Por su formación académica (estudió en las prestigiosas universidades de Princeton y de Harvard, de las cuales se graduó con honores), por su destacada trayectoria editorial, (fue fundadora de la revista Zoetrope, financiada por Francis Ford Coppola, y editora nada menos que de la histórica revista literaria Paris Review); y por ser una escritora cuyo prestigio viene en alza tras la publicación de su primera novela Eleven Days (2013), la cual fue elogiada por Tony Morrison, premio Nobel de Literatura, Lea Carpenter llegó a Hollywood acompañada por el aura de genio. Se creyó que había llegado alguien que iba a revolucionar la forma de escribir guiones. La realidad ha demostrado todo lo contrario. Con idea y libreto de Carpenter, Milla 22: el escape es un filme sobre el terrorismo que pasa de la grandeza a la nada absoluta en cuestión de pocos minutos. Los tres primeros minutos son formalmente brillantes, pero de inmediato todo se viene abajo y resulta imposible salvar el relato de la debacle. Resulta insólito que un filme cuyo elenco está comandado por el casi siempre efectivo Mark Wahlberg, y que está dirigido por Peter Berg (Horizonte profundo), quien en su compacta filmografía había demostrado pulso para contar una historia con rigor dramático, no haya nada absolutamente salvable, salvo los escasos minutos del comienzo, que parecen de otra película, que parecen estar ahí por error. 


Bird box: a ciegas


Fue promocionada como “la película del año”, y con buena estrategia de marketing llegó a los cines y a la programación de Netflix a fines de diciembre, época cuando se estrenan la mayoría de los filmes que buscan conseguir una nominación al Oscar. En cuanto a promoción y respuesta del público, el filme ha sido un éxito total. Netflix lo promocionó como un filme dirigido por una triunfadora, la danesa Susanne Bier, única mujer en ganar un Globo de Oro, un Oscar y un Emmy, y protagonizado por otra ganadora de premios importantes, la actriz Sandra Bullock. Dos mujeres, además, haciendo una película post-apocalíptica, género hasta la fecha muy masculino. El público mordió enseguida el anzuelo. La semana pasada, Netflix informó que más de 80 millones de suscriptores del servicio de streaming vieron ya la película en las cuatro semanas desde su estreno. Visualmente, el filme es atractivo. Pero debajo de la superficie no hay nada, más bien una nada tediosa y altamente previsible. Cuando a las primeras de cambio sabemos con certeza cuál va a ser el final, es porque la historia resulta insalvable. Ese es el primer y principal problema de Bird box: a ciegas, gran engañabobos de 2018.

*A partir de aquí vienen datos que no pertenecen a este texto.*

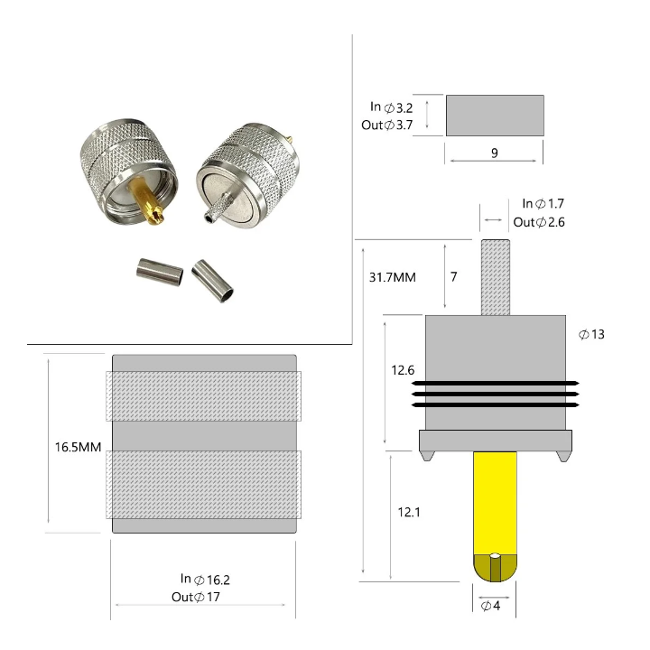 PL259 radio antenna plug connector. Will require crimping tool plus soldering iron to fit and heatshink (suggested).

El filme comienza con la promesa de que la premisa en juego va a desviarse de las expectativas y generar algo nuevo dentro de un género en el cual hemos visto de todo. Por un momento, que desafortunadamente no es largo, pensamos que después de tanto tiempo, desde la notable Bokeh (2017), el cine post apocalíptico iba a presentar alguna sorpresa. Y como el espectador por naturaleza es ingenuo y le cree a las promesas del cine, espera y espera, pero nada pasa. Mejor dicho, todo resulta tan vacío y postizo, que a la media hora de iniciada la película uno se da cuenta que le están tomando el pelo, y que el libreto no tiene nada para aportar. Como si fuera poco, Bird box: a ciegas es algo así como una ensalada de plagios. Es una película que le robó ideas a una cantidad de historias anteriores; por ejemplo, la escena del supermercado tiene calcos de La niebla (The Mist) y de Tierra de zombis (Zombieland), y una cantidad de aspectos y situaciones provienen de El fin de los tiempos (The Happening), y de Un lugar en silencio (A Quiet Place), en la cual el flanco vulnerable de los seres humanos no era la vista sino el oído.